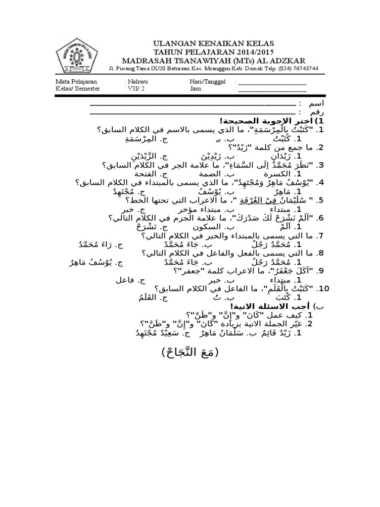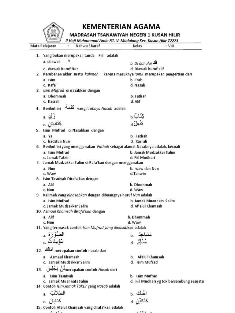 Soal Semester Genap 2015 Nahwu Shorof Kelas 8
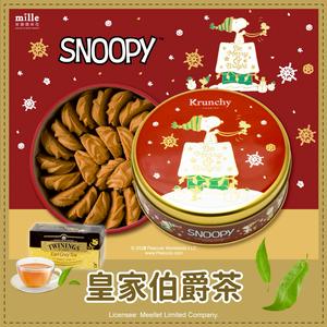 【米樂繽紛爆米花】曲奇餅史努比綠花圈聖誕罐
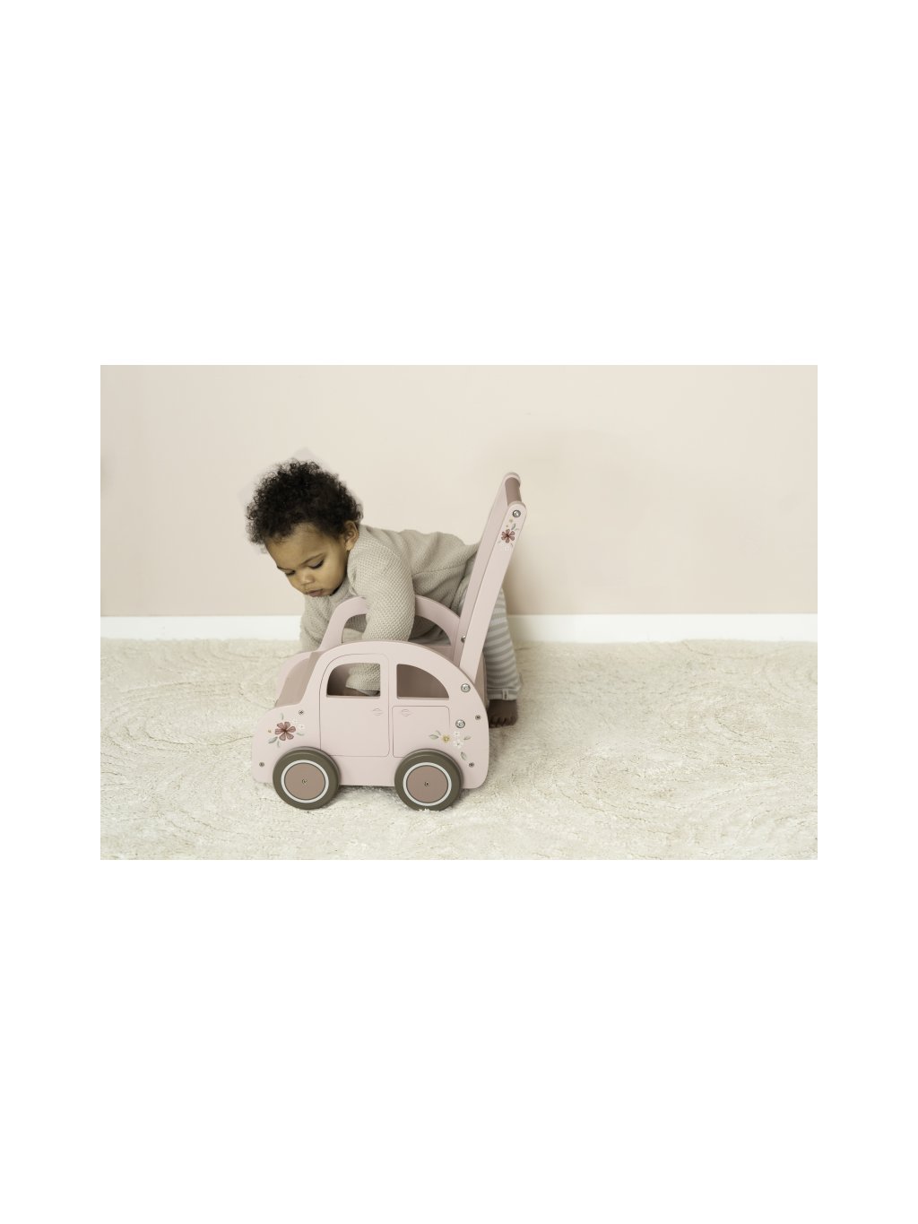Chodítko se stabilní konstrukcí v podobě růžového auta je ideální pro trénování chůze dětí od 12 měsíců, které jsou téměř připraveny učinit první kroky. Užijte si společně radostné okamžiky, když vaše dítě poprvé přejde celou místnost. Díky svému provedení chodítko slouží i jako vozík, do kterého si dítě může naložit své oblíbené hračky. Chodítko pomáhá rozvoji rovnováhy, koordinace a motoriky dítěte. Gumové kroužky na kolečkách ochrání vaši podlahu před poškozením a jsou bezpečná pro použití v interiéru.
============================================================
§ INSTRUCTIONS TO FOLLOW
Return the whole listing word for word. Pictures stay out of it.

§ SOLUTION TO THE EXERCISE
 Soal Semester Genap 2015 Nahwu Shorof Kelas 8
 【米樂繽紛爆米花】曲奇餅史努比綠花圈聖誕罐
Chodítko se stabilní konstrukcí v podobě růžového auta je ideální pro trénování chůze dětí od 12 měsíců, které jsou téměř připraveny učinit první kroky. Užijte si společně radostné okamžiky, když vaše dítě poprvé přejde celou místnost. Díky svému provedení chodítko slouží i jako vozík, do kterého si dítě může naložit své oblíbené hračky. Chodítko pomáhá rozvoji rovnováhy, koordinace a motoriky dítěte. Gumové kroužky na kolečkách ochrání vaši podlahu před poškozením a jsou bezpečná pro použití v interiéru.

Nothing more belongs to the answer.